The Interstitial Carbon–Dioxygen Center in Irradiated Silicon

Abstract

We investigated, experimentally as well as theoretically, defect structures in electron irradiated Czochralski-grown silicon (Cz-Si) containing carbon. Infrared spectroscopy (IR) studies observed a band at 1020 cm⁻¹ arisen in the spectra around 300 °C. Its growth occurs concomitantly with the decay out of the well-known vacancy-oxygen (VO) defect, with a Local Vibrational Mode (LVM) at 830 cm⁻¹ and carbon interstitial-oxygen interstitial (C_iO_i) defect with a LVM at 862 cm⁻¹, in silicon (Si). The main purpose of this work is to establish the origin of the 1020 cm⁻¹ band. One potential candidate is the carbon interstitial-dioxygen (C_iO_2i) defect since it is expected to form upon annealing out of the C_iO_i pair. To this end, systematic density functional theory (DFT) calculations were used to predict the lowest energy structure of the (C_iO_2i) defect in Si. Thereafter, we employed the dipole–dipole interaction method to calculate the vibrational frequencies of the structure. We found that C_iO_2i defect has an LVM at ~1006 cm⁻¹, a value very close to our experimental one. The analysis and study of the results lead us to tentatively correlate the 1020 cm⁻¹ band with the C_iO_2i defect.

1. Introduction

The properties and behavior of semiconductors are affected by point defects and impurities introduced in the lattice during crystal growth and material processing. Si mainly contains carbon (C) and oxygen (O), which are unintentionally introduced impurities during crystal growth [1,2]. Upon irradiation, numerous reactions occur, leading to the formation of a variety of carbon-related and oxygen-related defects. Among these, the carbon interstitial (C_i), carbon interstitial-oxygen interstitial (C_iO_i, carbon interstitial-carbon substitutional (C_iC_s), and the vacancy-oxygen (VO), which give rise to electrical and optical signals and have been studied both theoretically and experimentally using a range of techniques [1,2,3,4,5,6,7,8,9,10]. Notably, the C_iO_i, C_iC_s, and the VO are important recombination centers with adverse effects on the performance of Si-based devices [8,9,10]. Upon thermal annealing, these defects participate in many reactions leading to the production of various complexes. Therefore, it is necessary to know all the properties and behavior of these defects in order to improve the performance of the relative devices.

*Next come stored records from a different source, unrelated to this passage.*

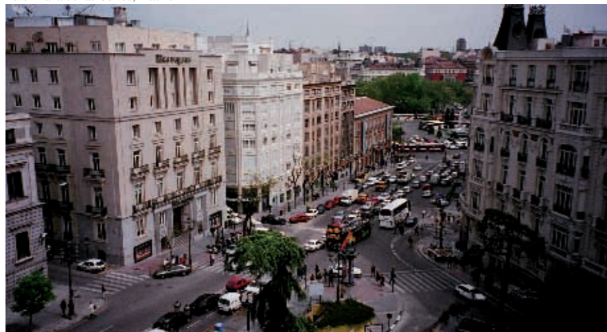
Foto: Plaza de las Cortes, Madrid

se ayudará bajo la modalidad de préstamo reembolsable.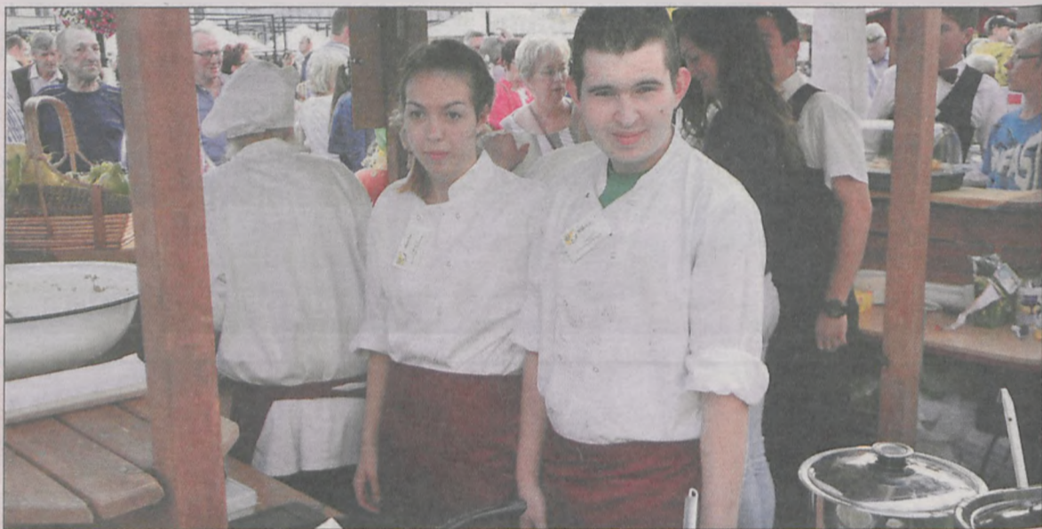
Drużyna ZSP nr 3 w Krotoszynie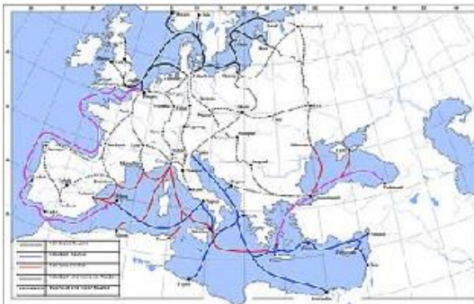
De Nederlanders kwamen overal...

Één reden voor het succes van de Nederlandse economie was dat Nederland op een fantastische plek lag: aan de Noordzee. Je kunt met schepen makkelijk naar het Oosten en terug (bijvoorbeeld naar Zweden, Denemarken en Polen), maar ook naar het Zuiden: naar Spanje en Portugal. De Nederlanders kwamen dus overal, en kochten en verkochten hout, ijzer, vis en graan uit het Noorden en Oosten, en wijn en zout uit het Zuiden. In het begin van de oorlog veroverde 3 Spanje veel land in Nederland, maar later kreeg Nederland weer de controle over het gebied van de rivieren. Via schepen op de Rijn 4 kon Nederland weer handelen met Duitsland.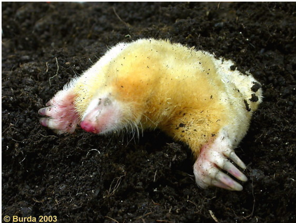
Körperhaltung rekonstruiert/Posture reconstructed

Schmitt, M., Pospiech, J., Burda, H. (2006): Der bemerkenswerte Fund eines goldfarbenen Maulwurfweibchens ( Talpa europaea ) aus Hattingen (Westfalen). Natur u. Heimat, 66(2): 59-61.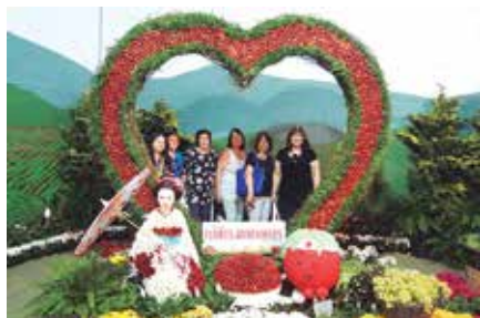
No ano passado, em setembro, os aposentados visitaram a Festa das Flores e Morangos de Atibaia

Quer conhecer a maior exposição de flores e plantas ornamentais da América Latina? Então inscreva-se para a excursão organizada pela APCEF/SP para Holambra.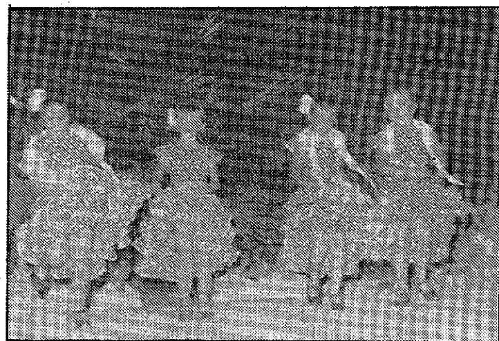
Un momento de la actuación infantil.

Instituto y los profesores ya se lo han pedido al Ayuntamiento y los alumnos, por su parte, se han comprometido a plantar árboles —de los que no son muy conocidos por esta zona— y a cuidarlos ellos mismos.

In the present study, we mainly investigate defects formed upon annealing out of the C_iO_i pair. The latter defect anneals out mainly by dissociation [1,11]. However, C_iO_i pairs participate in reactions with other defects where a small percentage of the C_iO_i migrate as an entity [1]. It has been suggested [12] that in the course of this migration, C_iO_i reacts with the VO. Both centers anneal out around 300 °C, and when they encounter, they lead to the formation of the carbon substitutional- dioxygen (C_sO_2i) defect, with a Local Vibrational Mode (LVM) frequency at 1048 cm⁻¹. Alternatively, C_sO_2i could form according to the reaction [13], C_i + VO₂ → C_sO_2i. Reasonably, upon C_iO_i annealing, other carbon-related complexes could also form. Such complex is the carbon interstitial-dioxygen (C_iO_2i) defect [14,15]. In our studies, besides the 1048 cm⁻¹ band, we have seen another one at 1020 cm⁻¹ to arise in the spectra around 300 °C. This band is probably connected with the formation of new second-generation defects formed upon the disappearance of the C_iO_i pair. A potential candidate for the origin of the 1020 cm⁻¹ band is the C_iO_2i complex.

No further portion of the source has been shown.